» **YOUR GOAL**: After removing every image, reproduce the data exactly as it appears.

» **GIVEN MATERIAL**:
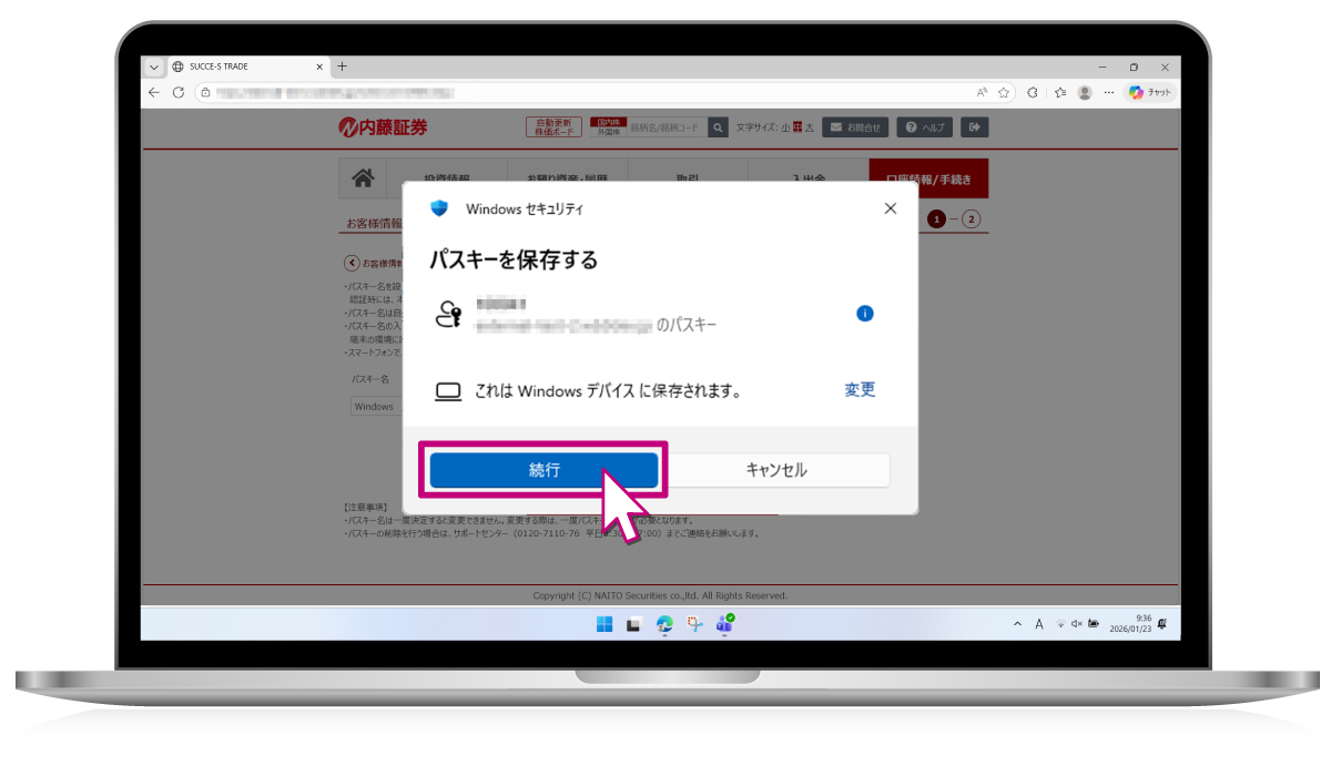 ③「パスキーを保存する」と表示されましたら、「続行」をクリックします。
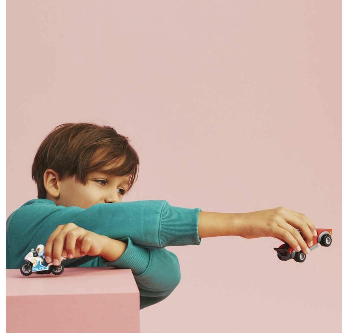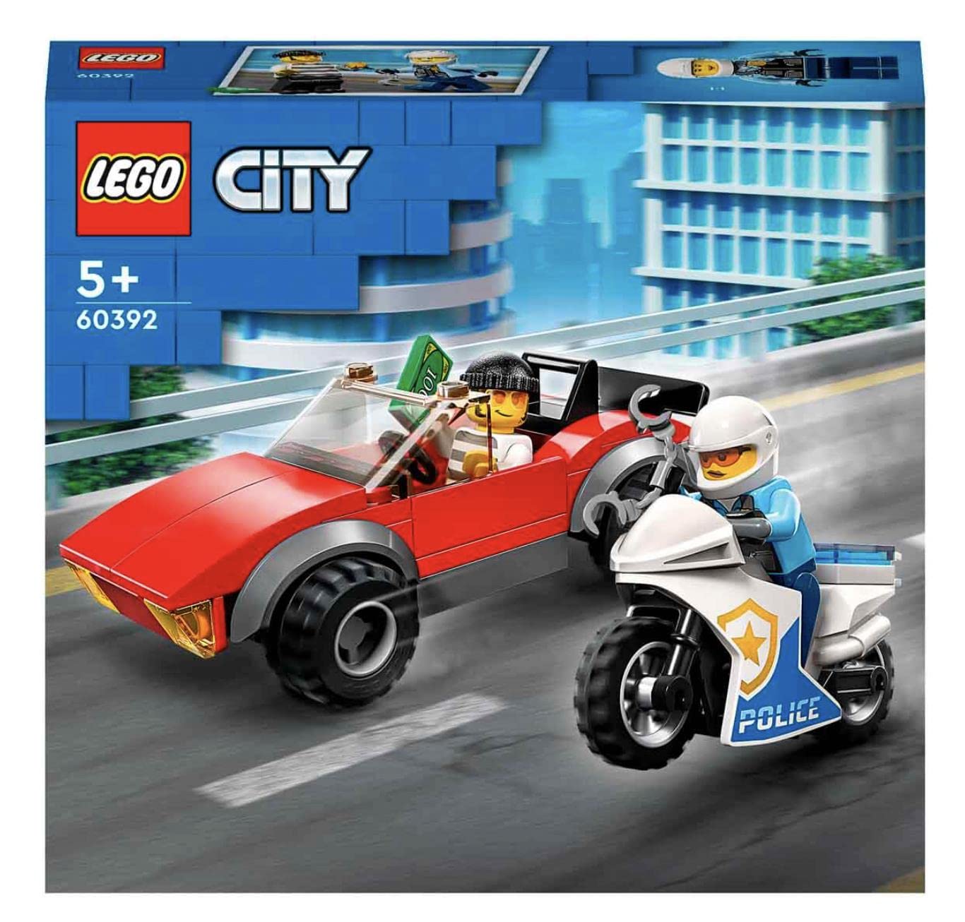 Police chase toy for kids aged 5 and over Hours of fun crook-catching adventures await with this LEGO City Police Bike Car Chase (60392) playset
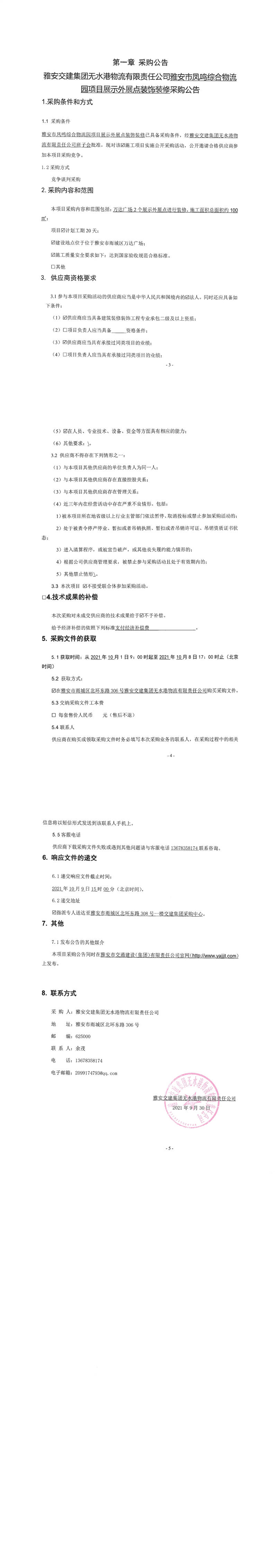 雅安交建集團(tuán)無水港物流有限責(zé)任公司雅安市鳳鳴綜合物流園項(xiàng)目展示外展點(diǎn)裝飾裝修采購(gòu)公告

» **ANSWER SPACE**:
 ③「パスキーを保存する」と表示されましたら、「続行」をクリックします。
 Police chase toy for kids aged 5 and over Hours of fun crook-catching adventures await with this LEGO City Police Bike Car Chase (60392) playset
 雅安交建集團(tuán)無水港物流有限責(zé)任公司雅安市鳳鳴綜合物流園項(xiàng)目展示外展點(diǎn)裝飾裝修采購(gòu)公告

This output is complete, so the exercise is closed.